The Indiana Sportsmen’s Council, assisted by the NRA-ILA, passed a mandatory issuance law in 1980, then had to sue the state police and other agencies and elected officials into compliance.
A trend started, with license laws passing in Indiana in 1980, Maine and North Dakota in 1985, and South Dakota in 1986.
1987 to 1988: Florida, the Media Storm
The national media ignored handgun carry until 1987, when Marion Hammer tackled Florida. Anti-gun folks were horrified. “Concealed carry would turn Florida into the Gunshine State.” “Blood would flow in the streets.” “Fender-benders would turn into firefights.”
The fight was tough, but the Unified Sportsmen of Florida succeeded. The dire predictions? A year later the president of the police chief’s association, who had opposed the bill, was asked if he had kept track of all the problems the law caused. “There aren’t any,” he said.
1989 to 1998: CHL Sweeps the U.S.
Florida opened the way. License laws swept through Oregon, Pennsylvania and West Virginia in 1989; Idaho and Mississippi in 1990; Montana in 1991; and Alaska, Arizona, Tennessee and Wyoming in 1994. Then came 1995, with Arkansas, North Carolina, Oklahoma, Texas, Nevada, Utah, and Virginia. In 1996 Kentucky, Louisiana, and South Carolina passed laws, and West Virginia passed it again, their state supreme court having struck down the first one. Alaska, in 1998, had to override a governor’s veto to remove restrictions from their law.
1999 to 2001: Columbine Puts CHL on Hold
In 1999 several more states were considering licensed carry, including Colorado. Then, on April 20, two students at Columbine High School killed a teacher and twelve students and injured twenty-four students. Experts predicted the anti-gun backlash would reverse the spread of handgun carry, and indeed it did result in a delay.
2002 to 2007: Picking Up Stragglers
In 2002 New Mexico passed the first licensed carry bill since Columbine, only to see it struck down by a judge. Anti-gun forces had added a provision allowing cities to opt out, and an anti-gun judge used this anti-gun provision to invalidate the law, saying that the New Mexico Legislature could not cede this authority to cities. The next year the New Mexico Legislature responded by passing legislation without the provision.

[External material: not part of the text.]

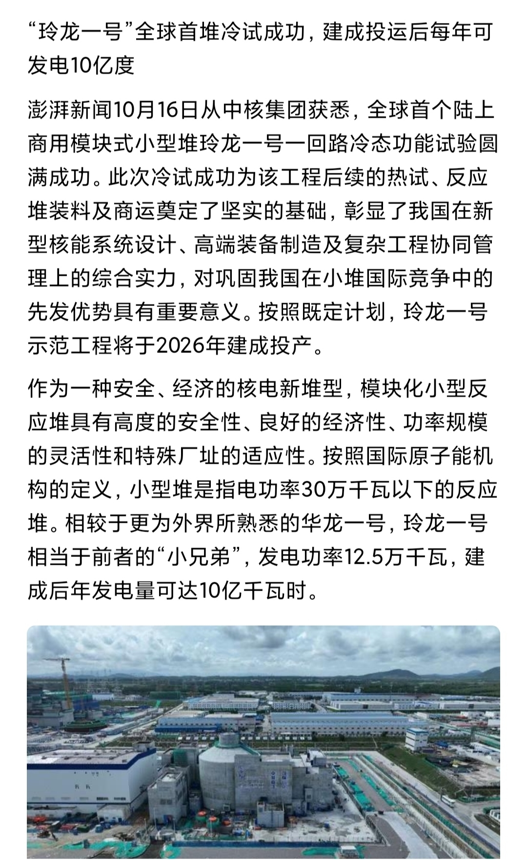 $中国核建(SH601611)$ 玲珑一号10月16日宣布成功,安装单位核建

Also in 2003 Colorado, Minnesota, and Missouri passed shall-issue laws. Kansas and Nebraska went shall-issue in 2006, with Kansas having to override their governor’s veto.
Alaska amended its carry law in 2003 to join Vermont by allowing no-license concealed carry. However, the state retained a shall-issue handgun license for purposes of reciprocity and National Instant Check System exemption.

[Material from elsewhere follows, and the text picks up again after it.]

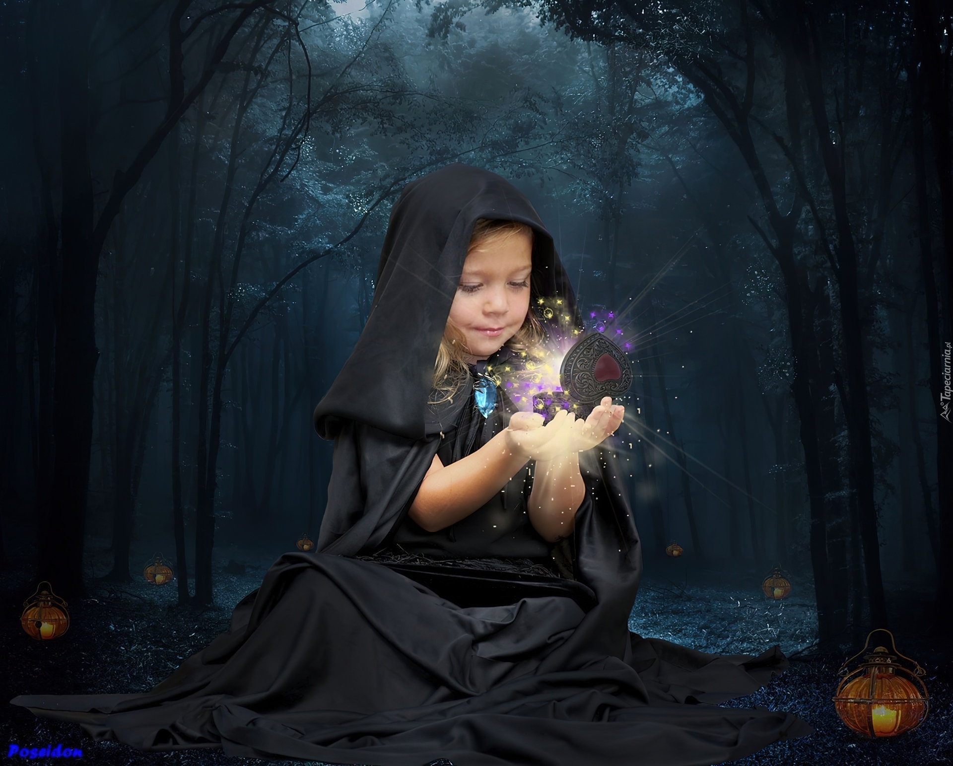 Edytor tapety: Dziewczynka, Szkatułka, Las

Gun owners in Wisconsin had a long road. Concealed carry legislation passed their assembly in 2004, 2005, and 2006 but they were unable to override their governor’s vetoes. They were one vote short in 2006.
2008 to 2011: The Supreme Court Speaks
Then the U.S. Supreme Court weighed in, first with District of Columbia v. Heller in 2008, confirming an individual right to keep and bear arms. In 2009 McDonald v. Chicago applied that principle to the states.

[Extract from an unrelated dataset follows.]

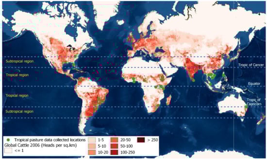 Spatial distribution of the tropical pasture data. Base map: global cattle distribution using the Gridded Livestock of the World 2 global distribution [] derived from ArcGIS Pro 2.8.6 (ESRI, California, USA) [].

Congress passed two laws, one expanding concealed carry in national parks, and the other allowing firearms to be checked on Amtrak trains. They went into effect in 2010.
Arizona passed a no-license carry law in 2010, like Alaska retaining their shall-issue license. Iowa also made its CHL truly shall-issue, effective January 1, 2011.
In 2011 Wyoming passed a law allowing unrestricted carry for residents, which went into effect July 1. They retained shall-issue license.
Wisconsin elected a new governor. Scott Walker signed their licensed carry law in 2011, and it went into effect November 1.
In Illinois state legislators voted 65-32 in favor of a shall-issue handgun license. Unfortunately, the state required 71 votes to pass legislation restricting local communities’ regulatory power, so Illinois remained the only no-carry state. Passing handgun carry laws was never easy.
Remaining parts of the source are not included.